Archeological evidence suggests that humans dwelled in the area known as Kerrville as early as 10,000 years ago. The early modern residents were successful shinglemakers whose mercantile business became a hub that served the middle and upper Hill Country area in the late 1840s. One of the earliest shinglemakers was Joshua D. Brown. With his family, Joshua Brown had led several other families on an exploration of the Guadalupe Valley. These early pioneers organized their settlements near a bluff just north of the Guadalupe River in the eastern half today’s county line. The settlement was referred to as “Brownsborough,” but after the area was formally platted in 1856 by James Kerr, a major in the Texas Revolution, the settlement was formally known as “Kerrville” and maintained a county seat with Texas.
Starting in 1857, a German master-miller named Christian Dietert and millwright Balthasar Lich started a large grist and saw mill on the bluff.

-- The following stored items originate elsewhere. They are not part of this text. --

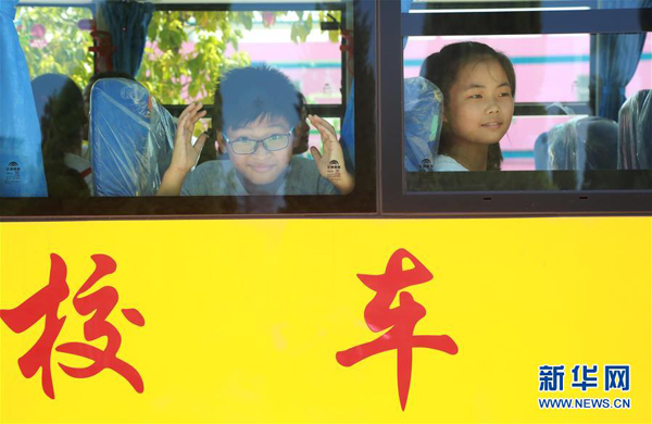 8月23日,興化市臨城中心校學(xué)生體驗(yàn)即將投入使用的新校車。新華社記者 李雨澤 攝
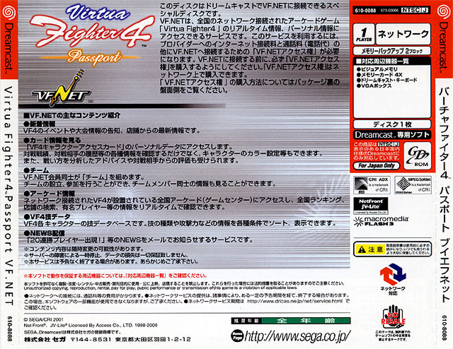 Virtua Fighter 4 Passport (Jap) (Back) (CD)
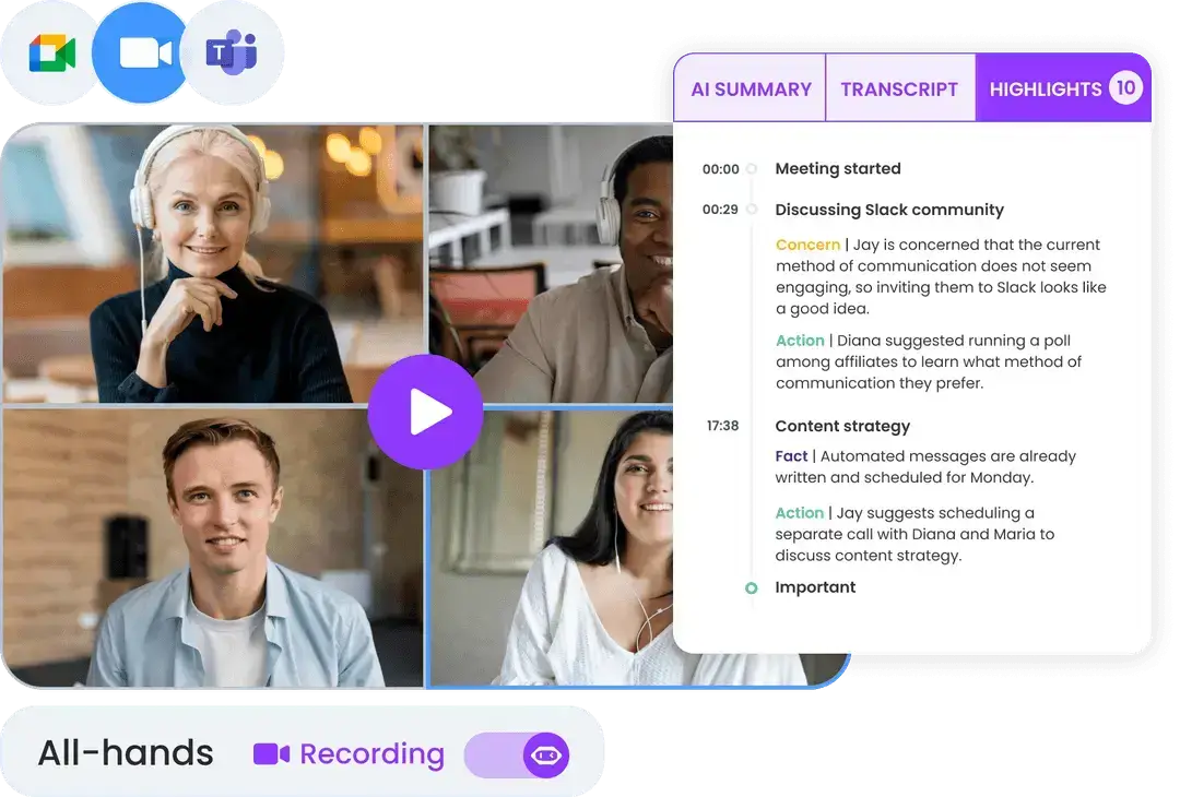 “We use MeetGeek to record all our meetings, which means we're not constantly trying to jot down notes. This helps us focus more on the conversation and really listen to what the client is saying.”

This mill established a permanent source of power and protection from floods, and became the most extensive operation of its kind in the Hill Country area west of New Braunfels and San Antonio. Soon afterwards, Charles A. Schreiner rode Kerrville’s newly found popularity, by serving Kerrville’s mercantile needs. Schreiner established a family-run empire that helped build Kerrville’s early prosperity by owning almost all of Kerrville’s business sectors, including freighting enterprises, retail, wholesale, banking, ranching, marketing, and brokering operations. Schreiner’s elegant downtown home, a Romanesque stone structure at 226 Earl Garrett Street, is the site of the Hill Country Museum in downtown Kerrville.

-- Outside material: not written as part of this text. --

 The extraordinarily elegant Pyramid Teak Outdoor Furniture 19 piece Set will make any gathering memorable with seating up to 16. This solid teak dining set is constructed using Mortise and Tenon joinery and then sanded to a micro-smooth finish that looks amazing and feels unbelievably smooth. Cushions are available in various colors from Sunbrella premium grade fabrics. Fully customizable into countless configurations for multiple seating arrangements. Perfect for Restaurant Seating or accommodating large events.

The Civil War slowed Kerrville’s development, but with the start of The Reconstruction Era, Kerrville’s economic boom and ethnic diversification continued anew as demand grew in San Antonio for lumber, produce, and craftsmen. Kerrville’s boom was also catalyzed by the combination the cessation of Indian raids and the expansion into the business of cattle, sheep, and goat ranching. Cattle drives punctuated the boom-years of the late 1880s and the 1890s. In 1887, the San Antonio and Aransas Pass Railway reached Kerrville, and in 1889 the town incorporated, with an “Aldermanic” form of city government.
The Kerrville Water Works Company began to provide water for town dwellers in 1894. Telephone service was introduced in 1896, and the city began to pave streets in 1912. Kerrville adopted a “commission” form of city government in 1917, then changed to the “city-manager” form in 1928. In 1942 the town adopted a home-rule charter, while continuing with a city manager. Kerrville has displayed steady population growth throughout the twentieth century, increasing from 1,423 residents in 1900 to 2,353 in 1920, 5,572 in 1940, 8,901 in 1960, and 15,276 in 1980. Its economic base has diversified and broadened through business, agriculture, light manufacturing, health care, transportation, services, education, the arts, and tourism. By the mid-1990s the Wall Street Journal described Kerrville as one of the wealthiest small towns in America. By 1995 the city’s official population was still under 18,000, with another 20,000 people in relatively affluent residential areas south of the river and in the rest of the county. In 2000 the population reached 20,425. Much of the growth in population included retirees and young professionals and semiprofessionals; for many years Kerrville also experienced significant out-migration of young adults raised in the area.
Kerr County Courthouse, southside view
Kerrville is located at 30°02′47″N 99°8′26″W This is 58 miles (93 km) northwest of San Antonio and 85 miles (137 km) west of Austin.
According to the United States Census Bureau, the city has a total area of 16.9 square miles (44 km2). 16.7 square miles (43 km2) of it is land and 0.2 square miles (0.52 km2) of it (1.36%) is water.